> Records for this exercise:
++++++++++++++++++++
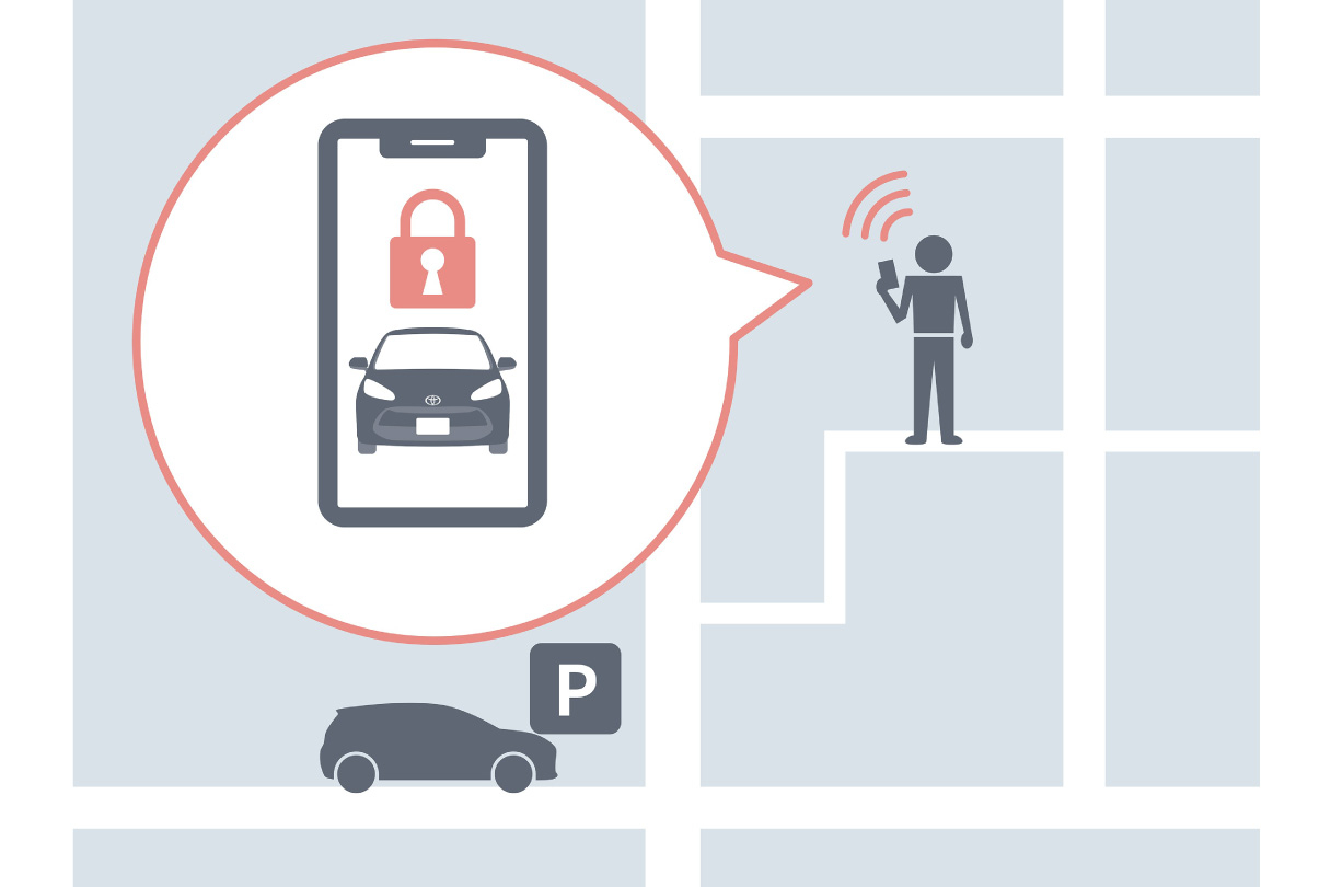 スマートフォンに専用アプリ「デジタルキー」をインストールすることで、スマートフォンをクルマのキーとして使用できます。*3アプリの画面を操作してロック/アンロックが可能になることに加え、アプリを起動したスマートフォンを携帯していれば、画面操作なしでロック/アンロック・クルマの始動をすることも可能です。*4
++++++++++++++++++++
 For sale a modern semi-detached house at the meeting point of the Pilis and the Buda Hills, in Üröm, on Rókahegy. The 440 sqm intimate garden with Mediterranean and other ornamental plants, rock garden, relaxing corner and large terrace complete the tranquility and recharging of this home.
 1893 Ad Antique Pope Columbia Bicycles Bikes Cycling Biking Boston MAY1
++++++++++++++++++++
> Directions:
Using the entries above, output exactly the lines between the line holding "For sale a modern" and the line holding "1893 Ad Antique", end lines included, and nothing more.

> Response area:
 For sale a modern semi-detached house at the meeting point of the Pilis and the Buda Hills, in Üröm, on Rókahegy. The 440 sqm intimate garden with Mediterranean and other ornamental plants, rock garden, relaxing corner and large terrace complete the tranquility and recharging of this home.
 1893 Ad Antique Pope Columbia Bicycles Bikes Cycling Biking Boston MAY1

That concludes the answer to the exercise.